Snow 6
Friday, November 26th, 2010Polokov shakes and shakes when he sees it, he’s not even holding the gun pointing at me now, he’s too disturbed. I move towards him cautiously, and then rapidly as his eyes turn up in his head. The gun drops and I catch it, placing it on the ground immediately so that it doesn’t go off, and I can catch him. He’s a limp mass and I can’t hold him, but I lower him to the ground as gently as I can. He is shaking and foaming, I’m not sure what is wrong with him, but I can see that he’s in a bad way.
It’s a vigil, and too near the, doll, but I stay paying attention to him, avoiding looking in the table’s reflective surface. He calms after a while and his eyes look fairly normal. I’m not sure what has caused this fit, and I can do nothing about it. His breathing eases, and he slips into what seems to me to be a normal sleep. I don’t know how much time has passed, but I’m thirsty, that’s a bad sign.
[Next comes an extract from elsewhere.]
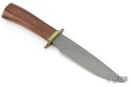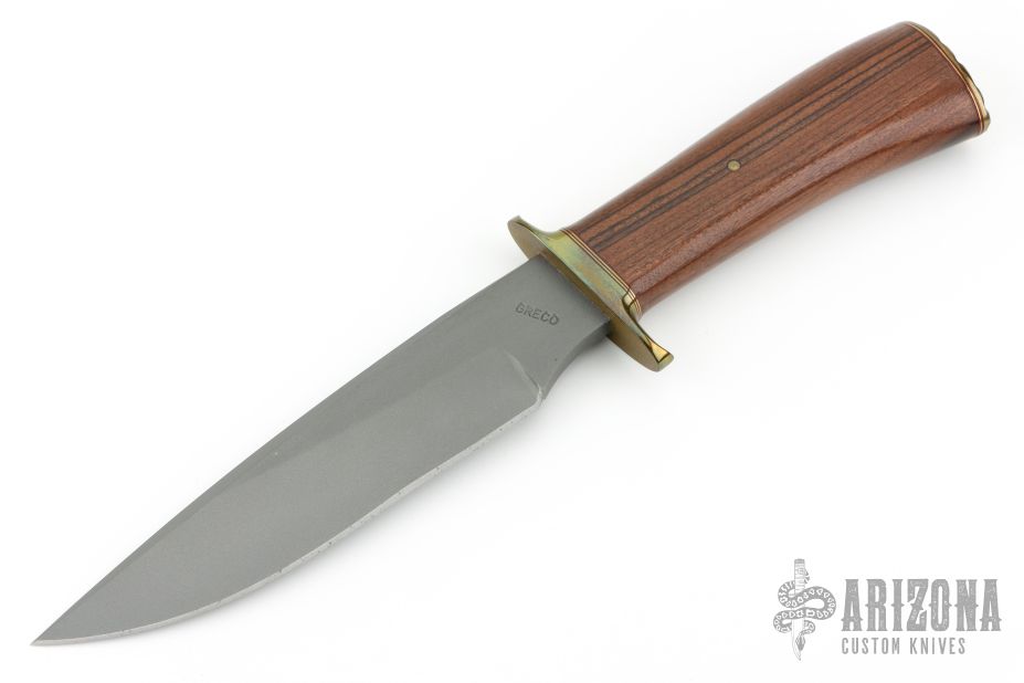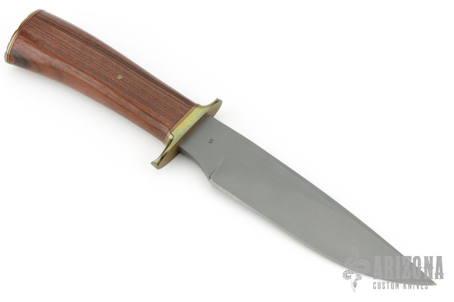 This custom fighter by John Greco features a grey coated blade with a false top edge, .262" blade stock, 1.482" blade depth, hidden tang construction. The handle has a brass guard and butt, wood grip and red/brass spacers. Nice feel in hand. #5 stamped on ricasso. Has some patina and scuffs on the guard. Excellent condition otherwise.

Polokov wakes and I discover than I have been dozing on the floor by him. He is sitting up by the time I come to, and he looks at the gun, discarded only inches away from his hand. He picks it up by the barrel and hands it to me.
“Here,” he looks ashamed, I think, of his behaviour, “For you, you are more rational than I am it seems.” He starts to get to his feet. ”You took care of me. I appreciate it.” I nod, and he reaches down to me. I swap the gun from hand to hand, and take his, it’s the first thing resembling a handshake I’ve had in years. I don’t generally touch people if I can help it.
It strikes me that his hand is warm, yielding but strong, I had forgotten how strong people can be. I write about emotions and relationships, but I have not known the touch of others. I have avoided it. It is a guilt.
I kill people for a living.
The grotesque doll is still lying there, how we have come in a circle is a matter for some debate, but I assume we have, other possibilities are too complex to contemplate. The fact remains however, that we are lost in this place.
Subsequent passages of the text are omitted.